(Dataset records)

=== Begin Enclosure ===

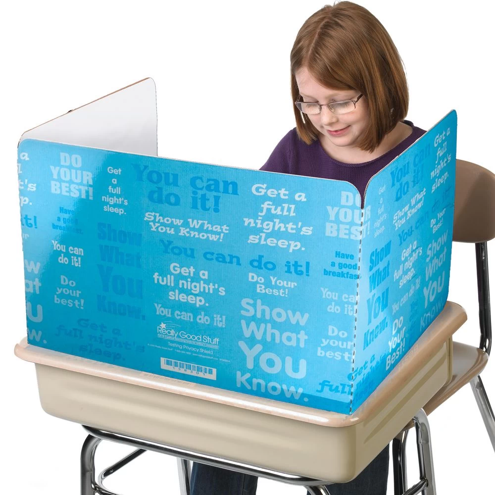 Keep eyes from wandering, eliminate distractions and help ensure focus and concentration on a daily basis with Glossy Privacy Shields from Really Good Stuff. Our attractive and functional Privacy Shields are made of sturdy corrugated cardboard with a bright white interior.Printed with motivational messages glossy blue pattern. These privacy shields for desks are ideal for both pencil-and-paper and computer-based testing (including PARCC and other standardized tests). The large privacy shields are bigger and taller for extra privacy. The sides are high enough to help students avoid distraction, but low enough for you to easily monitor students’ work. They’re great for everyday use in classrooms, computer labs, or at home to create a barrier. Students love setting up “offices” with them too!Designed to fit standard desks, Really Good Stuff three-panel glossy privacy dividers have a 22″ x 14″ center panel and the two side panels are 16″ x 14″ each. This privacy shield folds up into thirds for easy storage. It’s durable enough to withstand daily use on students’ desks and tabletops. These Privacy Shields will create a barrier to keep your students focused year after year.*STYLISH AND USEFUL: Includes (12) three-panel sturdy corrugated cardboard large privacy shield with a bright white interior. They are printed with encouraging motivational messages in a calming blue pattern. The center panel is 22″ x 14″ and the two side panels are 16″ x 14″ each.*HELP STUDENTS FOCUS: These large privacy shields are a must-have for teachers and parents because they help eliminate distractions in the classroom or at home.*CREATE A WORK STATION BARRIER: Large Privacy Shields are bigger and taller for extra privacy. The sides are high enough to help students focus, but low enough for you to easily monitor students work. Students feel like they have their own work station.*DURABLE AND EASY TO STORE: Our privacy shields are built to last. Made with sturdy corrugated cardboard to withstand daily use on students’ desks and tabletops. Folds up into thirds for easy storage. Really Good Stuff’s Privacy Shields are built to last year after year.*ECONOMICAL: These are a low-cost, long-term option that can be used in any classroom or home year after year.
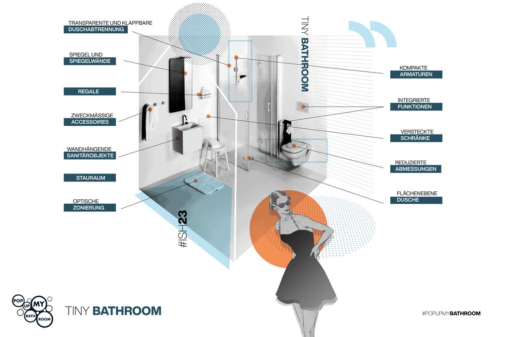 Bei Pop up my Bathroom wird während der ISH 2023 Nachhaltigkeit im Badezimmer als Zukunftskonzept vorgestellt, das Wasser und Energie sparende Produkte, umweltschonende Industrieproduktion und nachhaltige Materialien kombiniert.
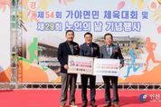 [인천광역신문] 관리자 기자 | 합천군은 26일 가야면 해인중학교 운동장에서 열린 제54회 가야면민체육대회 및 제29회 노인의 날 기념행사 현장에서 부산·울산지역 향우가 고향사랑기부금 600만원을 기탁했다고 밝혔다. 이날 기탁은 가야면 체육회가 주최한 가야면민체육대회 행사 중 진행됐으며, 부산향우와 울산향우(익명 요청)가 각각 300만원씩 고향사랑기부금을 전달했다. 기탁식에는 두 향우가 직접 참석하지 못했으며, 최덕규 전 가야농협장과 임재후 가야면체육회장이 대신 전달해 뜻깊은 마음을 전했다. 기탁된 성금은 합천군 고향사랑기금으로 적립돼 지역 복지증진과 주민 생활여건 개선을 위한 사업에 사용될 예정이다. 김윤철 합천군수는 “타지에서도 늘 고향을 잊지 않고 따뜻한 정성을 보내주신 향우 여러분께 깊이 감사드린다”며 “소중한 기탁금은 지역사회를 위해 의미 있게 활용하겠다”고 전했다. 고향사랑기부제는 개인이 주소지를 제외한 지방자치단체에 연간 2,000만 원 이하의 금액을 기부할 수 있으며, 세액공제(10만 원까지 전액, 초과분 16.5%)와 함께 30% 상당의 답례품(지역특산물·합천사랑상품
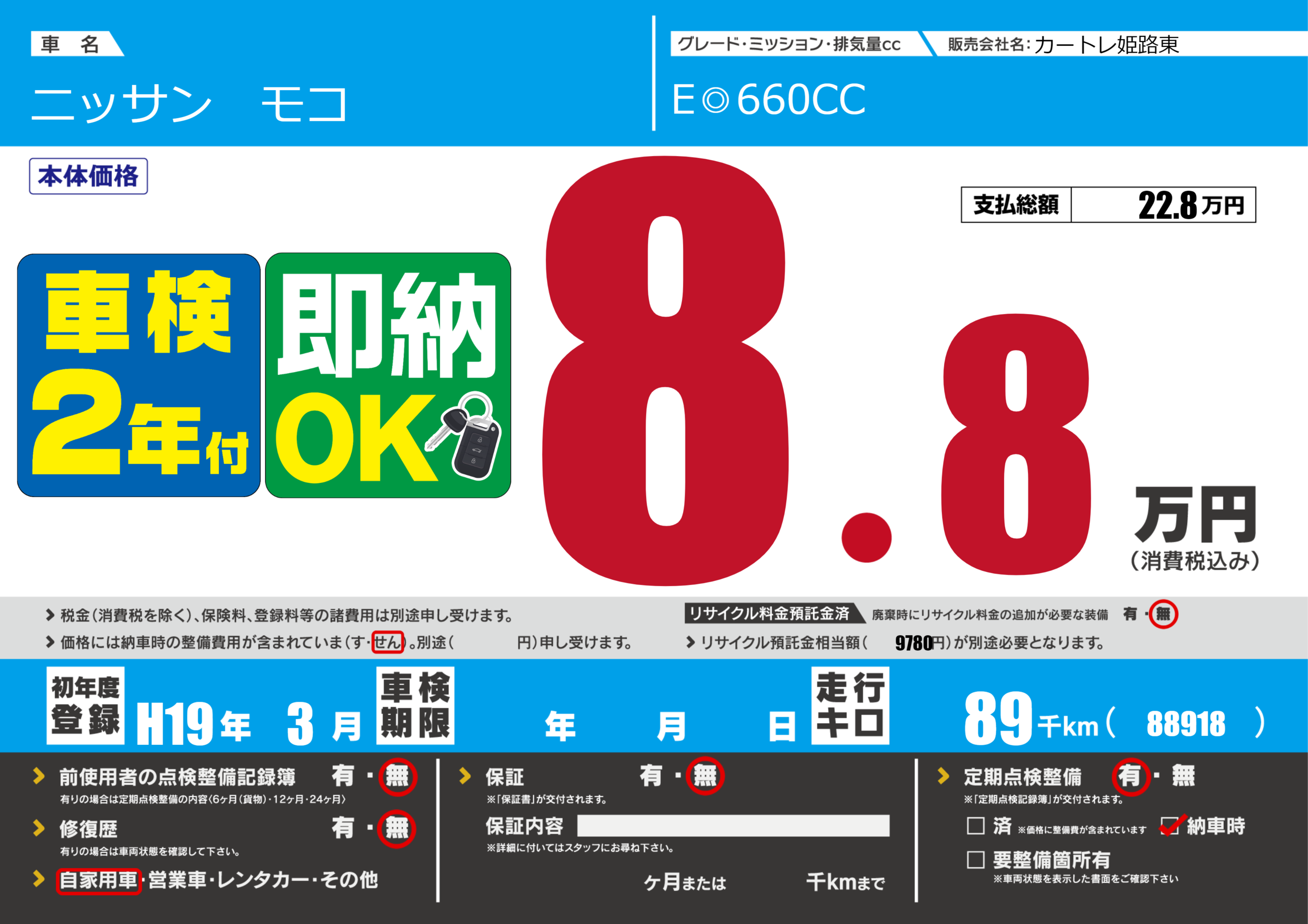 | 車名 | ニッサン モコ | グレード ミッション 排気量 |
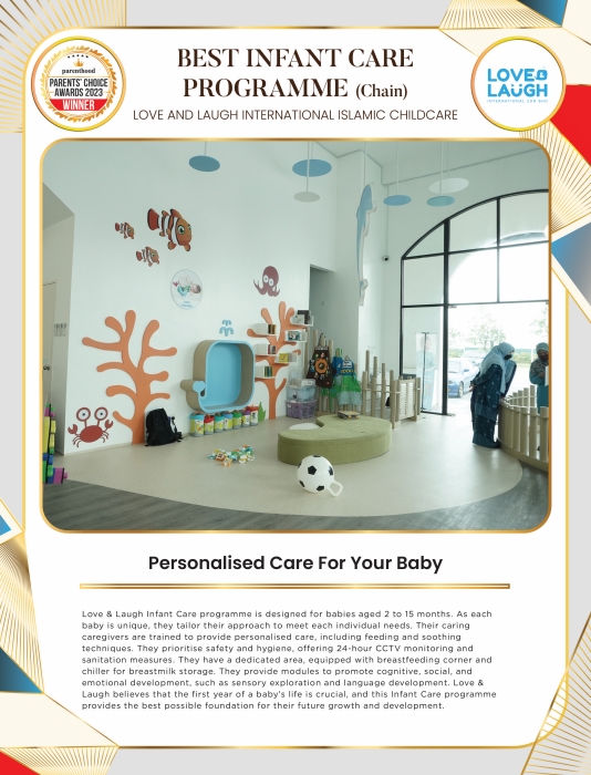 Love & Laugh Infant Care programme is designed for babies aged 2 to 15 months. As each baby is unique, they tailor their approach to meet each individual needs. Their caring caregivers are trained to provide personalised care, including feeding and soothing techniques. They prioritise safety and hygiene, offering 24-hour CCTV monitoring and sanitation measures. They have a dedicated area, equipped with breastfeeding corner and chiller for breastmilk storage.
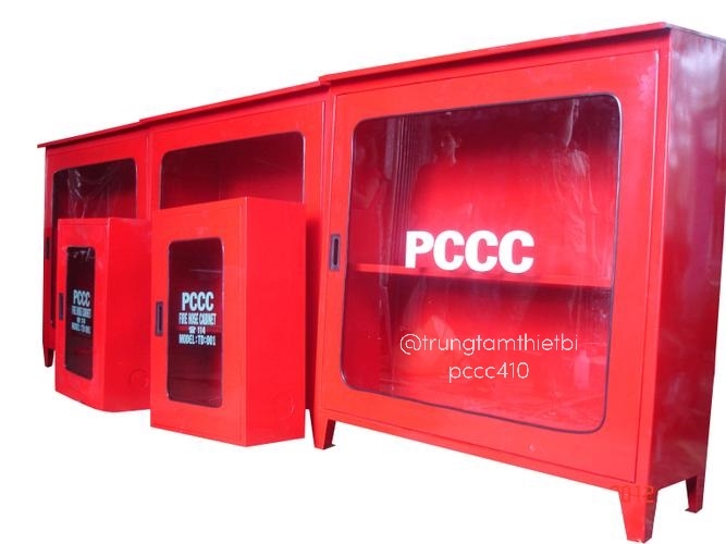 Tủ PCCC sơn tĩnh điện màu đỏ, được làm bằng tôn, inox... có ngăn giữa hoặc không có ngăn, nắp kính nhìn xuyên.
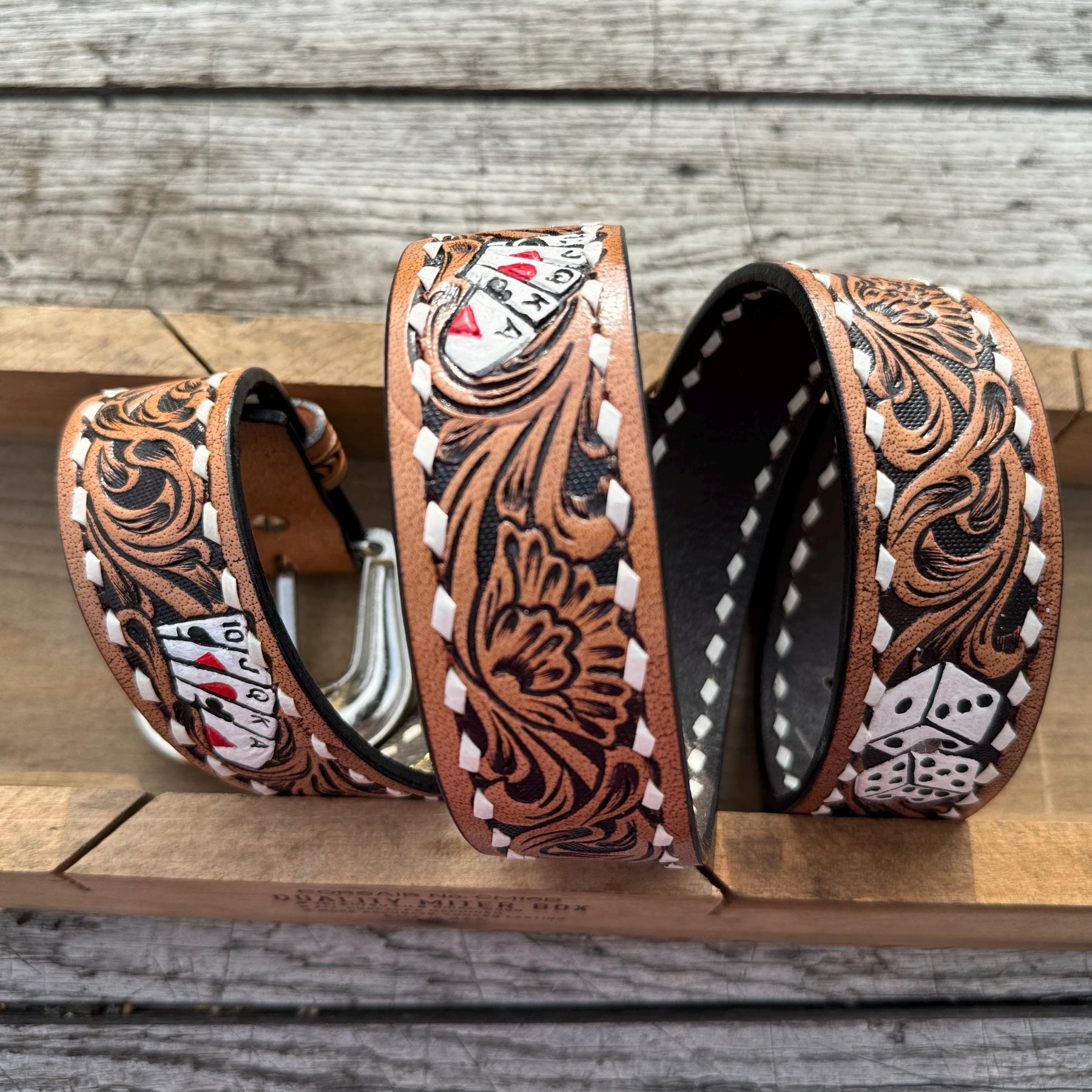 Belt Features: Genuine Leather, Black and Tan Tooled details, Aces and dice, white buck-stitch details, Antique silver buckle. Buckle is removable.
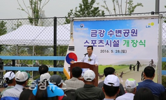 이충재 행정중심복합도시건설청장이 28일 세종시 대평동에서 금강 수변공원 스포츠시설 개장식을 개최했다.
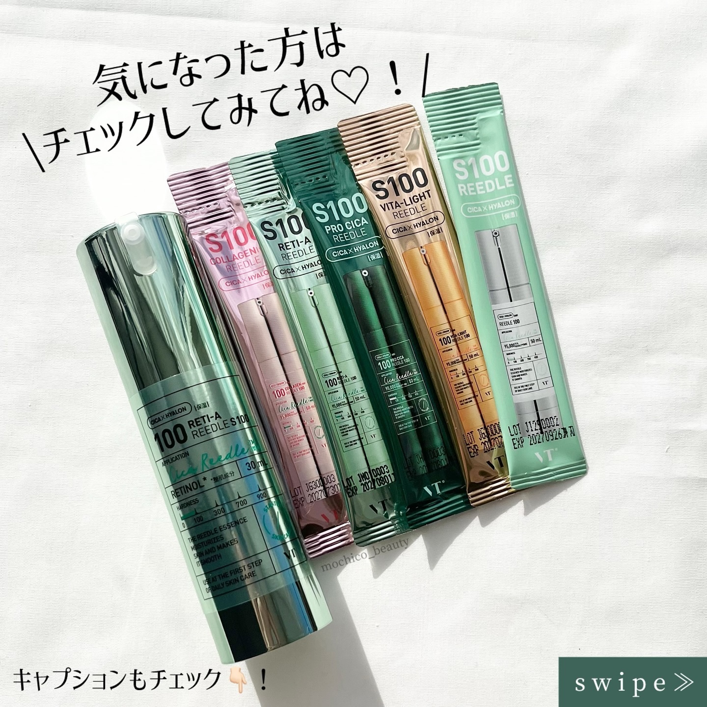 - <S100 レチAリードル> 水、DPG、グリセリン、ナイアシンアミド、BG、マカデミア種子油、1,2-ヘキサンジオール、パルミチン酸エチルヘキシル、ポリアクリル酸Na、(アクリル酸Na/アクリロイルジメチルタウリンNa)コポリマー、ステアリン酸グリセリル、ステアリン酸ポリグリセリル-6、ウコン根エキス、ポリイソブテン、グリセレス-26、シリカ、エチルヘキシルグリセリン、カプリリルグリコール、キサンタンガム、アデノシン、メリアアザジラクタ花エキス、(カプリリル/カプリル)グルコシド、オレイン酸ソルビタン、ベヘン酸ポリグリセリル-6、メリアアザジラクタ葉エキス、ヒアルロン酸Na、メリアアザジラクタ樹皮エキス、サンゴモエキス、カミメボウキ葉エキス、ワサビノキ種子油、ツボクサエキス、バクチオール、ジメチルイソソルバイド、ヒマワリ種子油、β-カロチン、レチノイン酸ヒドロキシピナコロン、レシチン、ポリソルベート20、レチノール、プロポリスエキス、カキ葉エキス、ブドウ果実エキス、アラビアコーヒーノキ種子エキス、ベニバナ花エキス、イタドリ根エキス、アシアチコシド、クリ殻エキス、チャ葉エキス、サンショウ果実エキス、マデカッソシド、マデカシン酸、アシアチン酸
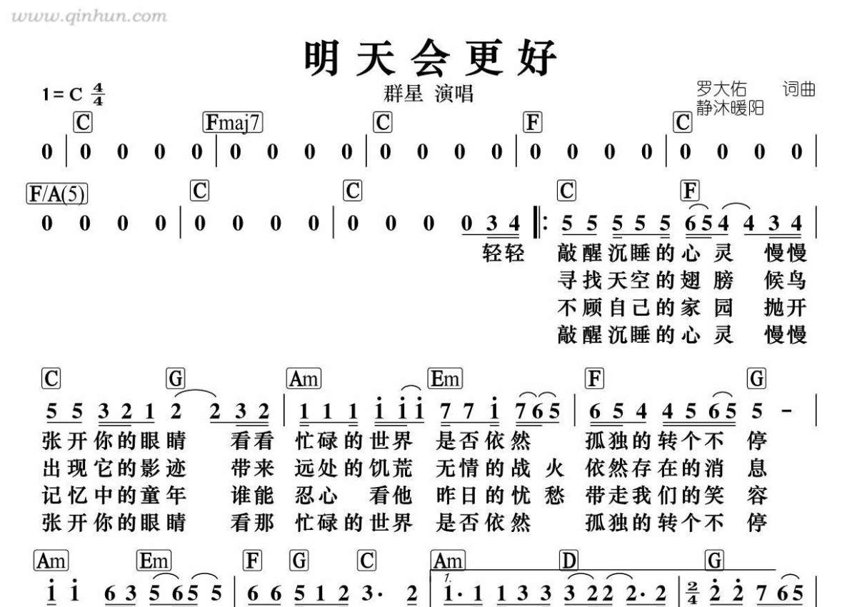 《明天会更好》是群星演唱的一首歌曲,带和弦版,拍号为4/4拍,这份简谱共有一张高清图谱,图谱由 @静沐暖阳 编配上传。

=== End Enclosure ===

* REQUIRED WORK *
Each line above that falls between the line with "Belt Features: Genuine" and the line with "이충재 행정중심복합도시건설청장이 28일" should be printed exactly, together with those two lines, but the pictures should not.

* SOLUTION TO THE PROBLEM *
 Belt Features: Genuine Leather, Black and Tan Tooled details, Aces and dice, white buck-stitch details, Antique silver buckle. Buckle is removable.
 이충재 행정중심복합도시건설청장이 28일 세종시 대평동에서 금강 수변공원 스포츠시설 개장식을 개최했다.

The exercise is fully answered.